DeepSeek on AWS Bedrock and Locally with Ollama: A Dev’s Guide

By Arjun Manoj Kumar K, DevOps Engineer | AI Enthusiast

“November 30^th 2022. ChatGPT dropped. And everything changed.”

LLMs went from research labs to everyday tools — fast.
But spinning one up yourself? Still feels... a little rough.

In this two-part blog, I’ll walk you through how to run DeepSeek, one of the most capable open-source LLMs today — first on AWS Bedrock, then on your own machine with Ollama.

Before we dive into terminals and code, we'll make sense of a few key AI building blocks:
Inference, weights, parameters, tokens — and even a peek at what exactly is this new architecture called MAMBA?

Don’t worry, I’ve got you.
This isn’t a lecture — it’s a dev-to-dev download.

Grab your coffee. Let’s boot up the cloud.

LLM 101: Inference, Weights, and Transformers (Oh My!)

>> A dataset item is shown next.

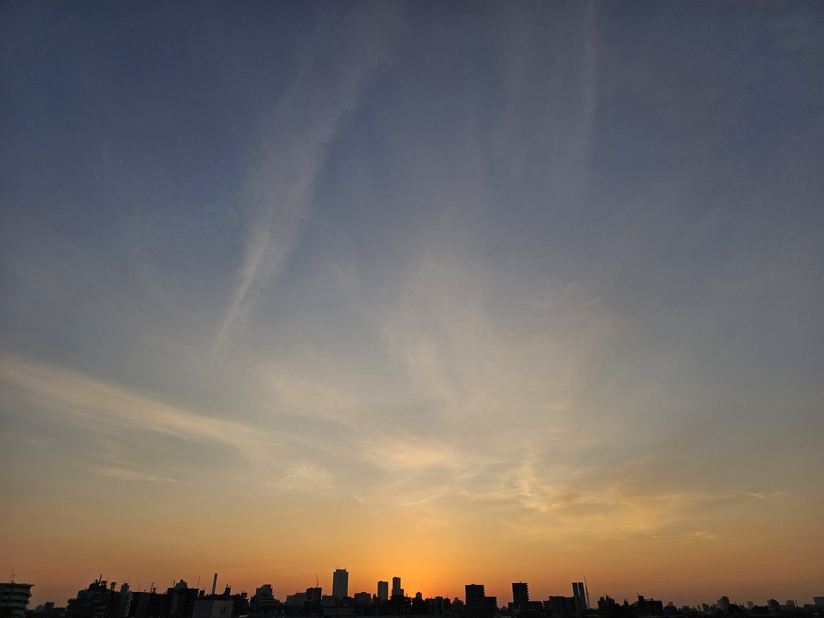 今朝の日の出は朝焼け色よりも、カラフルな状態でした。本日の東京は急な雷雨⛈️があったりなかったりな不安定極まりない空模様だって。早朝も日差しが眩しいと思ったとたん暗雲たちこめてザッと🌧️降って、また日が出てくるみたいな感じでした。おはようございます☀️

Before we get our hands dirty with DeepSeek, let’s cover a few basics of large language models (LLMs) in plain English:

Parameters and Weights: You can think of parameters as the internal configuration or “knowledge” of an LLM. These are often referred to as weights – essentially giant tables of numbers that the model has learned during training. Modern LLMs have lots of these; for example, DeepSeek has 671 billion parameters (The DeepSeek variant we'll use, for example, packs about 8 billion parameters!). The more parameters, generally, the more knowledge or nuance a model can have – but it also means more computing power needed to run it. When someone says “a 13B model,” they mean 13 billion parameters. These weights are what get loaded into memory when you “boot up” the model.
Tokens & Tokenization: When you type a sentence into a model like DeepSeek, it doesn’t actually understand words the way we do. Instead, it breaks everything down into tokens, which are like bite-sized pieces of text. A token might be a full word ("hello"), part of a word ("tion"), or even just punctuation ("!"). This process is called tokenization, and it’s the model’s first step in trying to make sense of language.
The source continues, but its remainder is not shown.